1. I have created a class AsyncImage which is responsible for getting image from the server and a delegate AsyncImageDelegate.

2. I have a ViewController class with Grid Layout which has 9 images (see my screen in 1st post). Every image is a type of AsyncImage. This ViewController is implementing AsyncImageDelegate which has downloadFinished: function.

3. AsyncImageDelegate is the delegate for all 9 images.

4. On viewDidLoad I call loadImage: method for each images. Then it starts image downloading asynchronously and also starts 9 Activity Indicator.

5. As soon as one by one images downloads it called downloadFinished: method, in this method I stop ActivityIndicator based on images ( I m setting tag for each images from 1 to 9).

If steps are not clear we can have more threads for this discussion.
 
If it does what you want it to, then it's correct, is it not? Without seeing your code, I can't say whether you're leaking or doing anything inefficiently or not.
 
If it does what you want it to, then it's correct, is it not? Without seeing your code, I can't say whether you're leaking or doing anything inefficiently or not.

make sense, right now app is working fine for me, later on I'll also send you code snippet.

Thanks
 
Solved.
Please check my approach whether I am correct on not.

1. I have created a class AsyncImage which is responsible for getting image from the server and a delegate AsyncImageDelegate.

2. I have a ViewController class with Grid Layout which has 9 images (see my screen in 1st post). Every image is a type of AsyncImage. This ViewController is implementing AsyncImageDelegate which has downloadFinished: function.

3. AsyncImageDelegate is the delegate for all 9 images.

4. On viewDidLoad I call loadImage: method for each images. Then it starts image downloading asynchronously and also starts 9 Activity Indicator.

5. As soon as one by one images downloads it called downloadFinished: method, in this method I stop ActivityIndicator based on images ( I m setting tag for each images from 1 to 9).

If steps are not clear we can have more threads for this discussion.


Your approach sounds good, but as the other poster said, it's hard to tell without seeing the code. Did you write your own async download code? That's really the tricky bit.
 
Don't use threads for async downloads!

Shouldn't be that hard, create an custom class with delegate patterns for downloading on a async image call, or just call the urlconnection a different thread?

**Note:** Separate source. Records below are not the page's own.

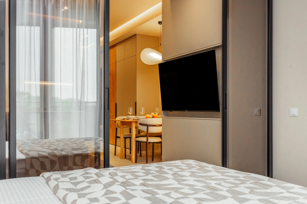 В номере гостей ждут телевизор и халат. Перечисленные услуги есть не во всех номерах.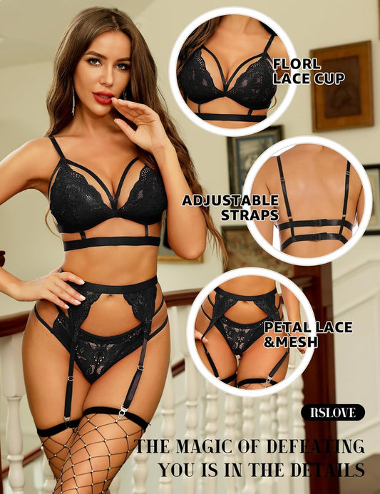 Sexy Lingerie for Women,3 Piece Lace Lingerie Set Bra and Panty Sets with Garter Belt Babydoll Teddy Lingerie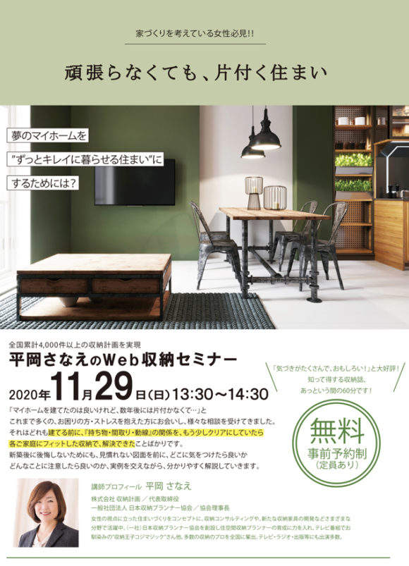 11月29日(日)収納WEBセミナー開催!! 【完全予約制】先着5組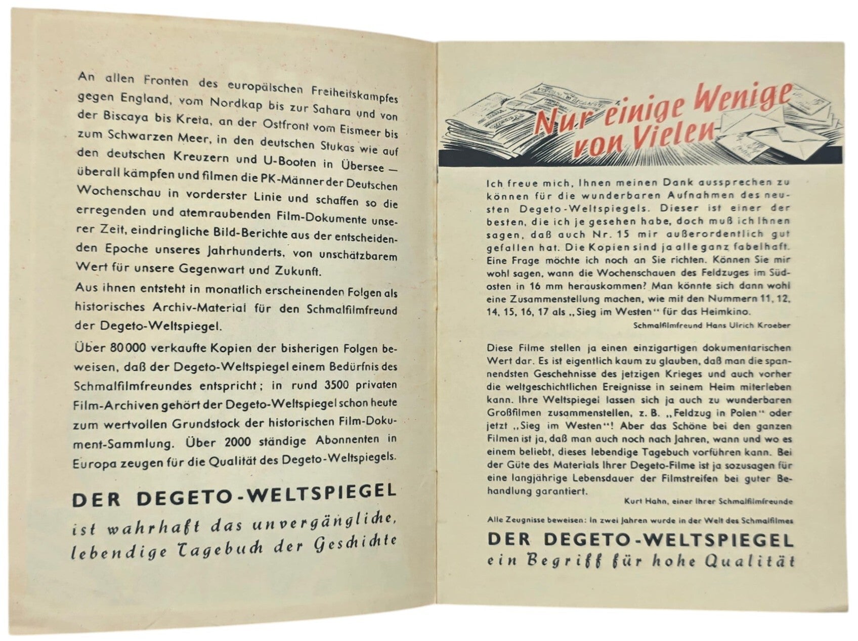 Original WW2 Dutch Brochure - Der Degeto Weltspiegel advertisement ''Einer, der dabei war'' (1940)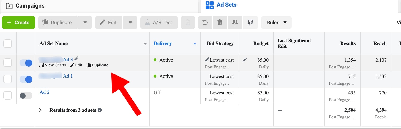 In order to run A/B tests on Facebook for ads and ad sets, you need to have an existing campaign. Pick an ad or an ad set and click on “Duplicate” under its name.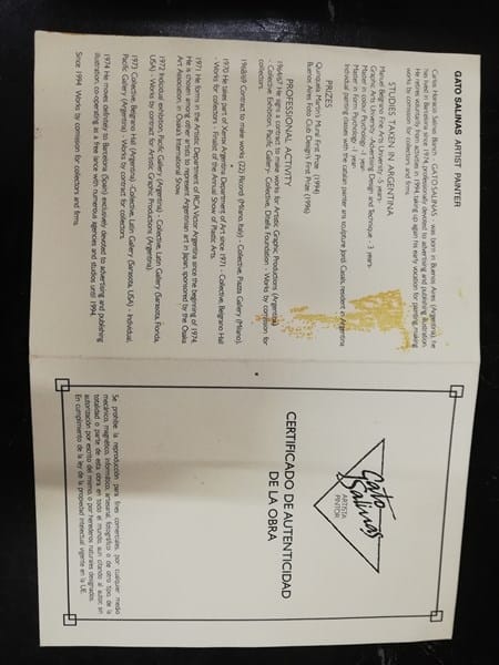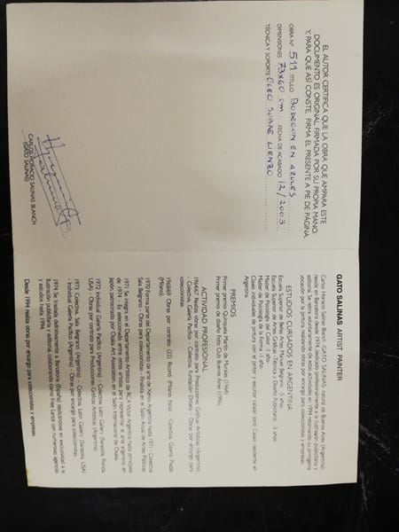 Tengo un oleo de medidas 73x60 con certificado de autenticidad firmado gato salinas con un anagrama al lado de la firma, se titula bodegón en azules, en el certificado explica un poco la carrera de este pintor pero no encuentro nada sobre el valor de sus obras,¿necesitaría si alguien me puede ayudar o donde podría informarme del precio?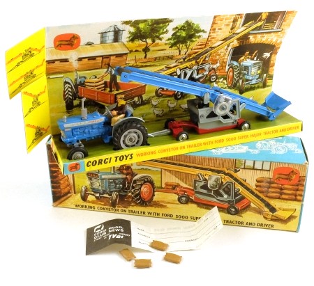 This set contains a No.67 Ford 5000 Super Major Tractor, and a trailer with operating conveyor belt. The tractor is blue with light grey rear mudguards and grey plastic grille and exhaust. Twin jewelled headlights are mounted in the grille, and there are 'Ford Super Major' decals on the sides of the engine cover. The model has working steering, and a silver metal lever-operated linkage and pick-up hitch at the rear.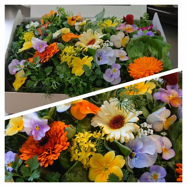 このハーブサラダフラワーボックスには、多数のハーブ、野菜、エディブルフラワーが入っており、お皿に広げるだけでレストラン顔負けの素敵な素敵なサラダになります✨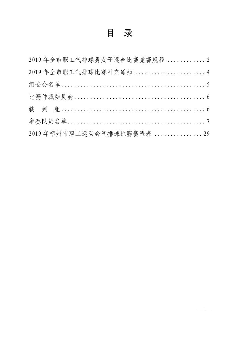 2019 年全市職工氣排球男女子混合比賽秩序冊(cè)

Calling NSURLConnection from a different thread is not the way to go. Threads are expensive for the system to set up and run. They tie up physical memory for the lifetime of your app, and make it more likely that the system will kill you to free up memory when another app is frontmost.

It's worth going to Apple's dev forum and reading posts by an Apple engineer who calls himself Quinn the Eskimo. He has a very long post about the evils of threads that is well worth reading.

NSURLConnection has full support for async operation built in. That async support uses shared system resources that are fine-tuned for efficiency. Use NSURLConnection and let Apple do the heavy lifting for you.

Under iOS 5 there are even new block-based NSURLConnection methods that make it easier to handle an async download without having to write a bunch of delegate methods.
 
Calling NSURLConnection from a different thread is not the way to go. Threads are expensive for the system to set up and run. They tie up physical memory for the lifetime of your app, and make it more likely that the system will kill you to free up memory when another app is frontmost.

It's worth going to Apple's dev forum and reading posts by an Apple engineer who calls himself Quinn the Eskimo. He has a very long post about the evils of threads that is well worth reading.

NSURLConnection has full support for async operation built in. That async support uses shared system resources that are fine-tuned for efficiency. Use NSURLConnection and let Apple do the heavy lifting for you.

Under iOS 5 there are even new block-based NSURLConnection methods that make it easier to handle an async download without having to write a bunch of delegate methods.

You have written it down perfectly. In our apps we use the async methods for support pre iOS5 and for iOS5 We use the block methods which are really handy.
I remember that you always took time to write these long, well written posts on iPhoneDevSDK, welcome here.